▸ SUPPLIED MATERIAL
______

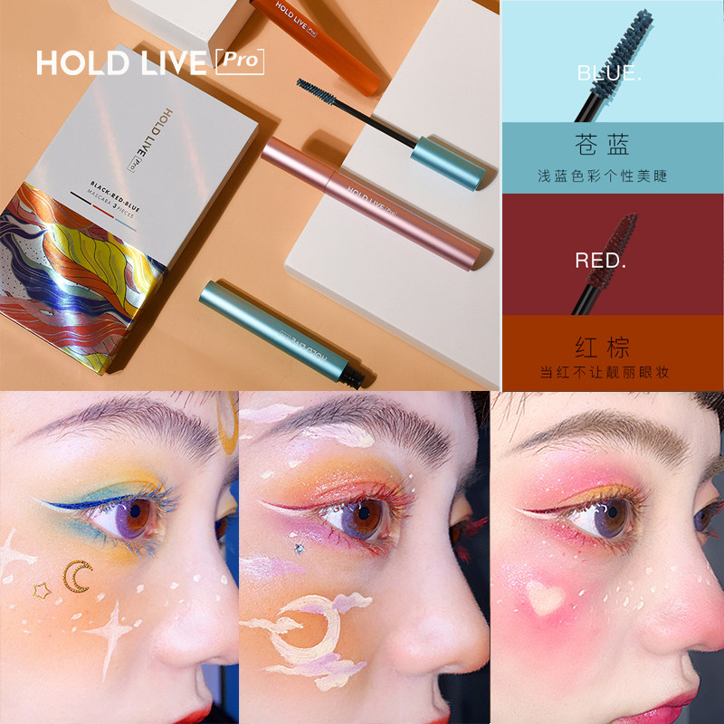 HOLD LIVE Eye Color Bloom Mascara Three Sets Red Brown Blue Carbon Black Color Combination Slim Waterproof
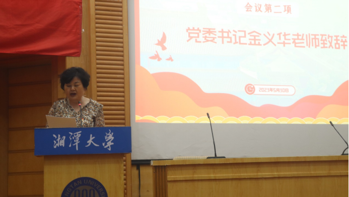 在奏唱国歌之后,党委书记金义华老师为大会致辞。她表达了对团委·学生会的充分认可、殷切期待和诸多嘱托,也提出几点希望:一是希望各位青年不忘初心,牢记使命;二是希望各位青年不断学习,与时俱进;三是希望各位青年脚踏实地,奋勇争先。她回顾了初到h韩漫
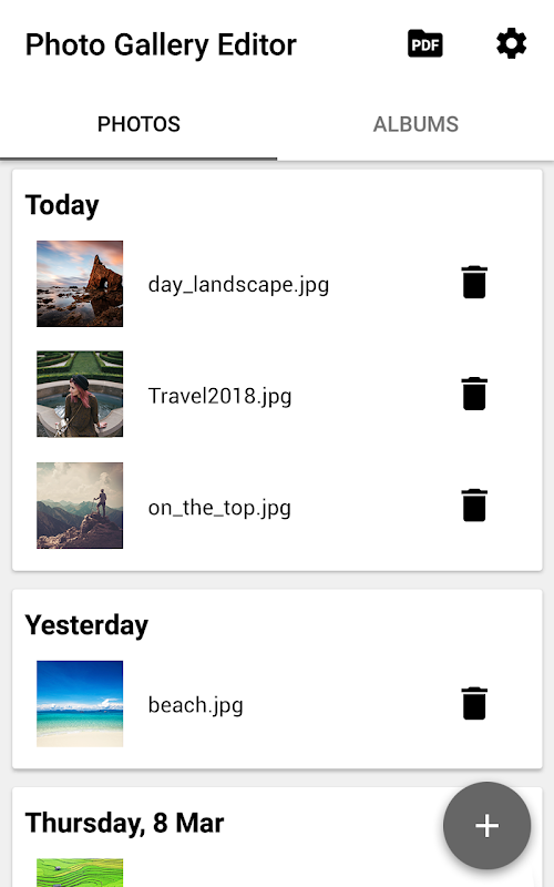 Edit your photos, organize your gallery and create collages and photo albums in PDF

______

▸ WHAT THE TASK ASKS
Give the data above again exactly. Leave the pictures out.

▸ THE ANSWER
 HOLD LIVE Eye Color Bloom Mascara Three Sets Red Brown Blue Carbon Black Color Combination Slim Waterproof
 在奏唱国歌之后,党委书记金义华老师为大会致辞。她表达了对团委·学生会的充分认可、殷切期待和诸多嘱托,也提出几点希望:一是希望各位青年不忘初心,牢记使命;二是希望各位青年不断学习,与时俱进;三是希望各位青年脚踏实地,奋勇争先。她回顾了初到h韩漫
 Edit your photos, organize your gallery and create collages and photo albums in PDF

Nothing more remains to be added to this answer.